Commentary - Myositis ossificans

Case Reports

CJEM 1999;1(3):199

Myositis ossificans is an uncommon complication of blunt muscle injury. It classically occurs after helmet or knee contact with the lateral thigh, although it has also been reported in the biceps brachial muscle, which is why many contact sports require protective padding over these areas. Myositis ossificans is a controversial entity because it is one of very few sports injuries where early active rehabilitation may be detrimental.

Having treated these injures for 15 years as a sports medicine practitioner, and having seen many bad outcomes, my approach to management is to inform the athlete that there is a 5–10% risk of myositis, but that risk increases if the injured muscle is inappropriately exercised. The only early recommendation is for compression and ice; however, active (rather than passive or assisted) range of motion is allowed, using pain as a guide. The athlete must not exercise the limb until local tenderness to palpation has resolved. This may take up to 6–8 weeks, and partial weight bearing crutches are often required.

 

David Mann, MD
Emergency physician, Powell River General Hospital, Powell River, BC
Correspondence to: dlmann@prcn.org
 

 



Myositis ossificans, also known as ossifying hematoma or heterotopic ossification, is a potentially disabling condition that most often affects the thigh and is typically associated with contact sports (e.g., football, rugby, lacrosse). The risk of myositis ossificans after a thigh contusion varies between 4% and 74%. The critical questions are: How can we identify high-risk patients? and What is the best early management?

The risk of ossification correlates with the severity of the thigh contusion. One way to grade severity, besides assessing swelling and ecchymosis, is to check knee range of motion on the day after the injury. Early range is often good, and patients are at increased risk if there is less than 90 degrees of flexion between 12 and 24 hours.
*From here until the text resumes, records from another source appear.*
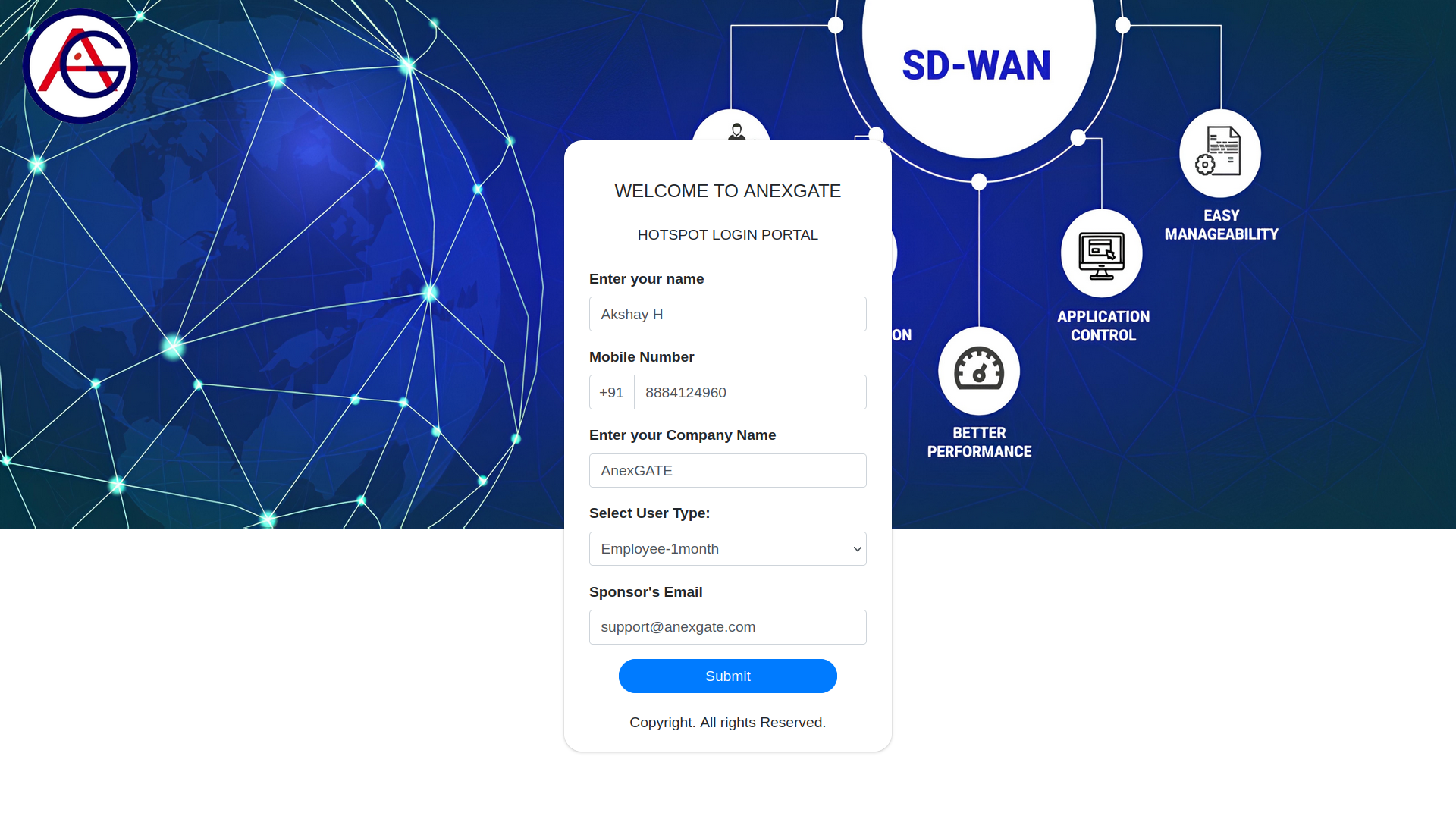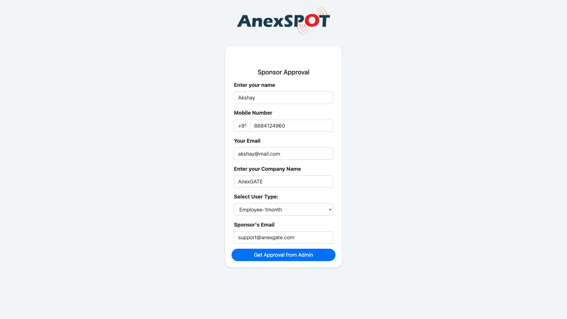 The image shows the Login Page where user has selected the Get Sponsor Approval option to get authenticated from the Sponsor end to access the network. In order to do so, the user requires to fill the required information in the fields as shown below.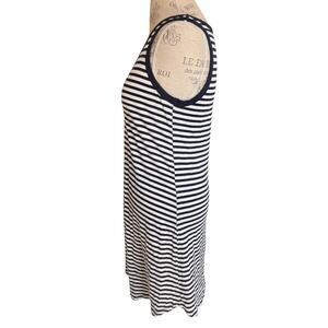Sleeveless striped dress. Black and white pattern. Casual and stylish.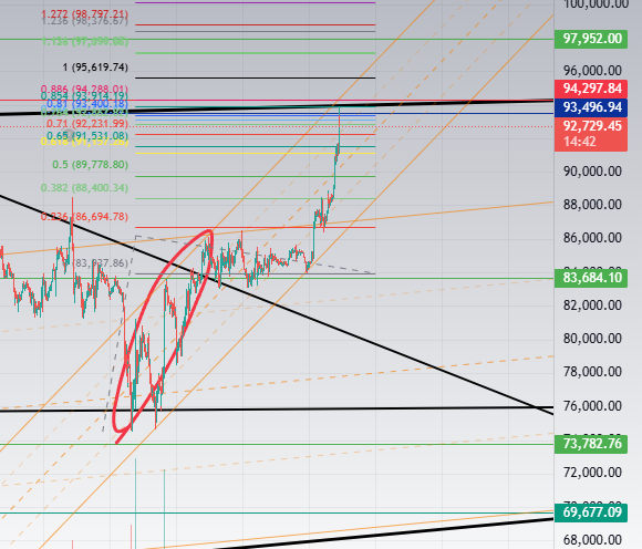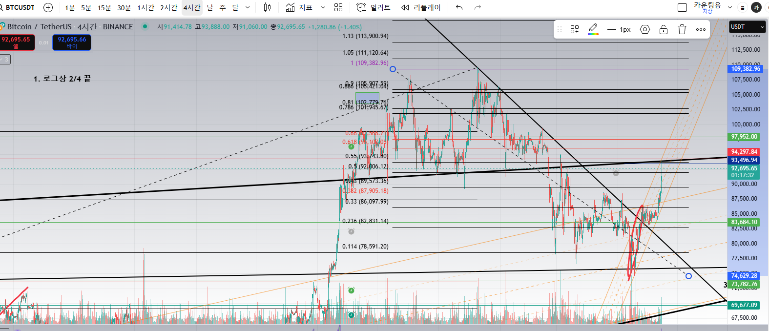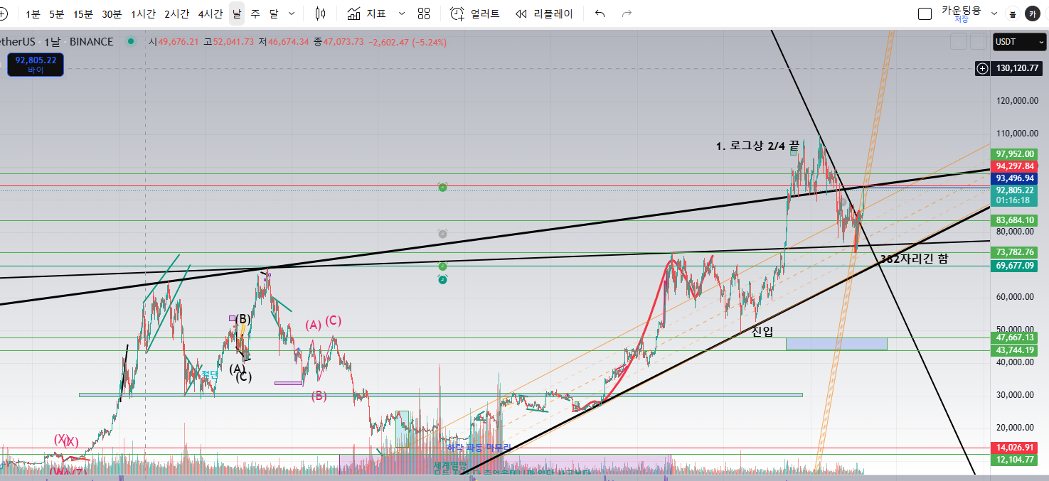 비트코인 차트분석 (94k 강한 저항)

There is also a genetic disposition, so beware if the patient has a previous history.

The principles of treatment are to limit the amount of hemorrhage, maintain knee range of motion, restore quadriceps strength and protect from further injury. Compression and icing reduce hemorrhage. Studies have shown that splinting high-risk patients with the knee fully flexed (to 120 degrees) for 24 hours dramatically reduces the period of disability. Early physiotherapy is not a problem unless it causes significant pain or further loss of knee range. Aspiration of the hematoma has been suggested, but this is often disappointing, even when performed under ultrasound guidance. Laboratory work and clinical experience have shown that nonsteroidal anti-inflammatories (NSAIDs) inhibit ossification, and several authors suggest that their early use can speed recovery. Most NSAIDs have this effect but the greatest experience is with indomethacin. The criteria for return to sport are the absence of significant pain, a good range of motion and quadriceps strength. Athletes are at increased risk of recurrent injury so protective padding of the area is important.